The Bosom of the Inferno
by Fanblob
Summary: In the midst of blinding, haphazard crimson, Zuko looks for a place where home means more than living habitation, more than a place to close his eyes for the night.
1. Prologue

**PROLOGUE**

**or**

**A Conversation Alienated from Everything Else**

He was in the red again. Alone. Completely enveloped. There were no walls closing in on him, no falling crumbling towers – just red, neither soft nor hard; just thick rich scarlet curling over every surface of his skin, some forcing their way into his pores, seeping into raw muscle, like blood tearing at the membrane of his lungs. He tried to call for help, someone, anyone, but like every other time, he knew nobody would hear.

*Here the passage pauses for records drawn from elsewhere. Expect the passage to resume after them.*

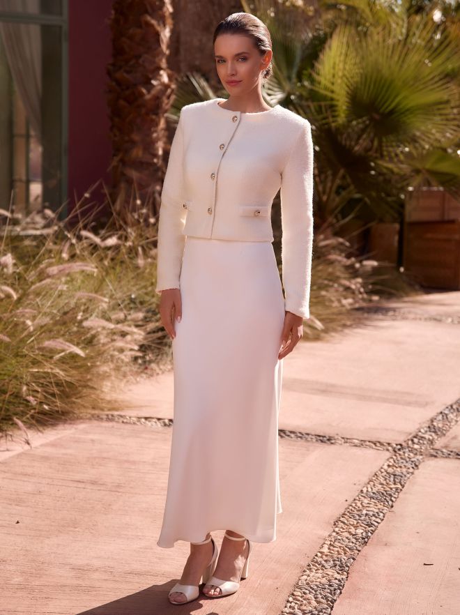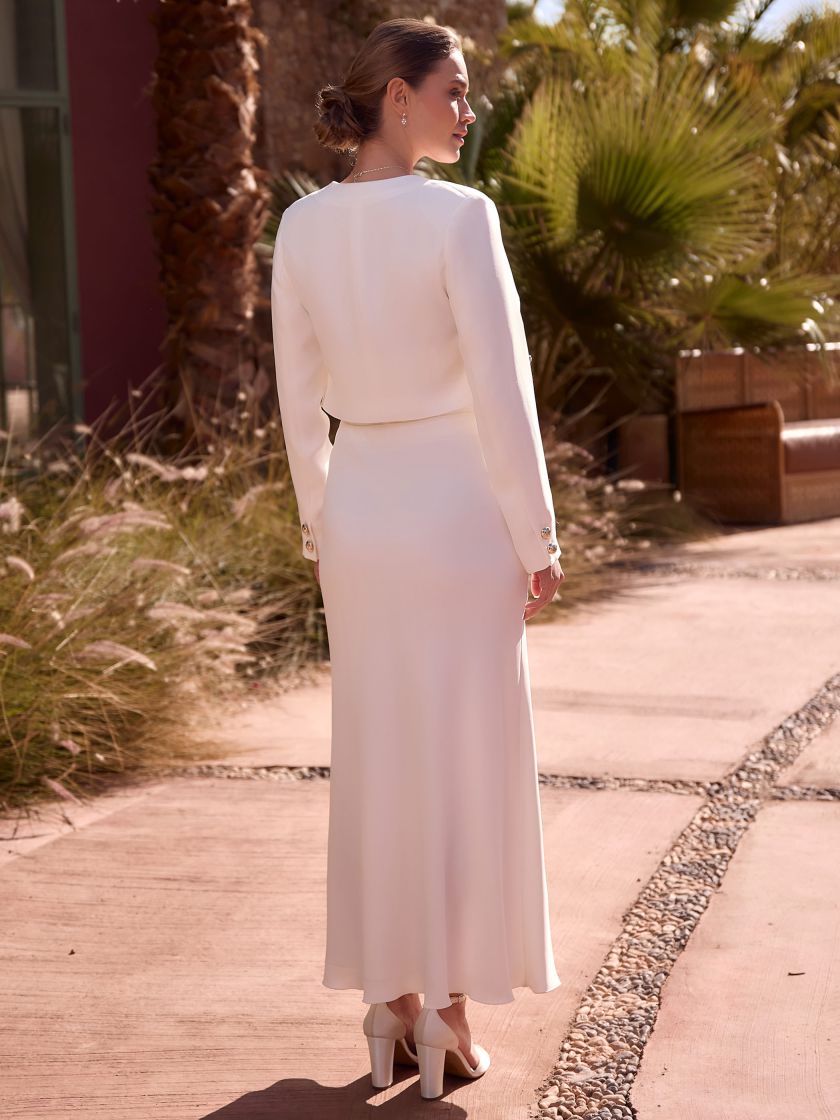 Moderne Brautjacke aus feinem Stretch-Crepe mit eleganter Struktur. Der offene Ausschnitt verleiht ihr eine klare, zeitlose Silhouette. Mit ihren langen Ärmeln ist sie die perfekte Ergänzung für eine standesamtliche Hochzeit und rundet den Braut-Look stilvoll ab.
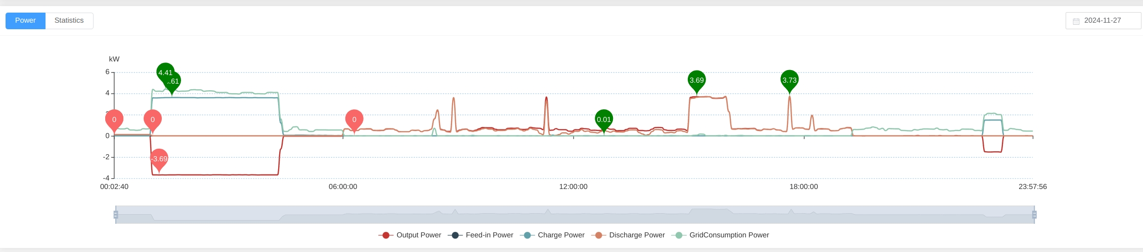 I have the system set up to charge between 1am-6am and on self-consume setting, min soc: 15%.
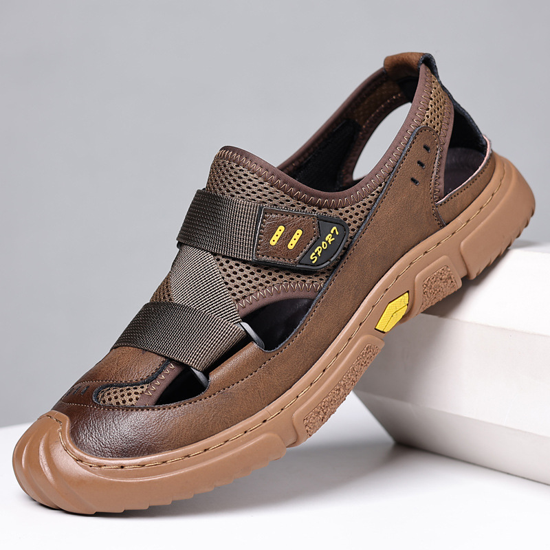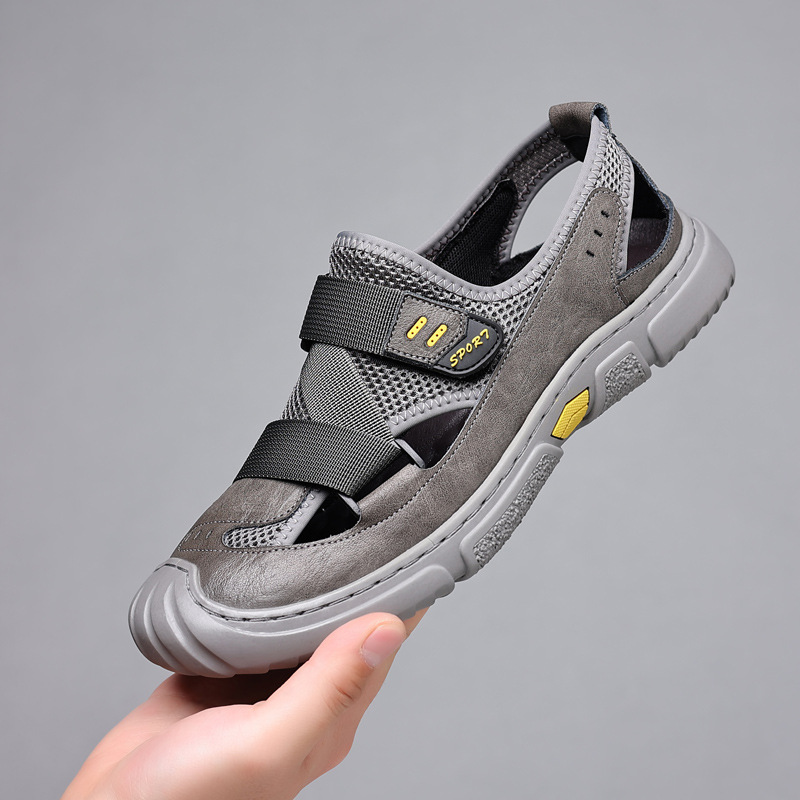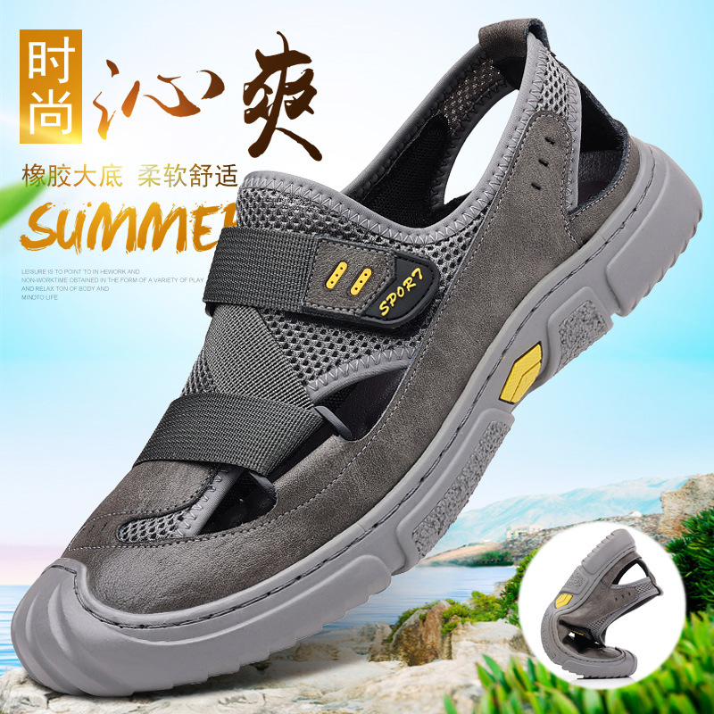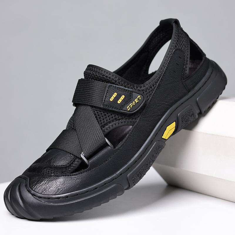 Полые мужские сандалии с мягкой подошвой 2024 летняя новая вьетнамская римская Повседневная пляжная дышащая кожаная обувь с закрытым носком
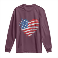 4th of July American Flag Heart USA Patriotic Long Sleeve Shirt Star Stripes TS11

So again, he he struggled and ploughed his way to somewhere, anywhere, trying to wrench his arms free from the strong grasps of the red claws. He tried to ignore the pain that ripped through him, but every time he'd be compelled to watch flecks of his skin tear and his own blood run freely, staining the claws a deeper, darker red. Whispers pinched his earlobes, carrying the voice of Ozai and the venom of Azula's; the deep 'my son', the lilting 'good brother'. Then, he felt the gentle touch of a pale, thin hand, a smooth thumb cool against the thin skin at the underside of his wrist. This hand, so very familiar to the deeper, darker recesses of his mind, would then tug his arm gently, as though guiding him to his Somewhere. But then, like every other time, as he began to relax in the cradle of this somewhat familiar comfort, the hand was ripped away with a horrible shredding sound and a guttural shriek. The red grew black, scratching at the left side of his face and invisible hands pressed against his throat. His last thought was air. He needed air.

Mai awoke with a start. This happened every night since Zuko's coronation, since they had shared a bed, since they had begun sleeping in the very quarters that held Zuko's father and his dead grandfather, but that didn't mean she was used to the frantic whispers and dark, violent dreams that seemed to pervade Zuko's mind whenever darkness set. She placed a slightly trembling, warm palm on Zuko's cold, sweaty forehead. He leaned slightly into her touch and Mai, despite herself, couldn't help a small smile.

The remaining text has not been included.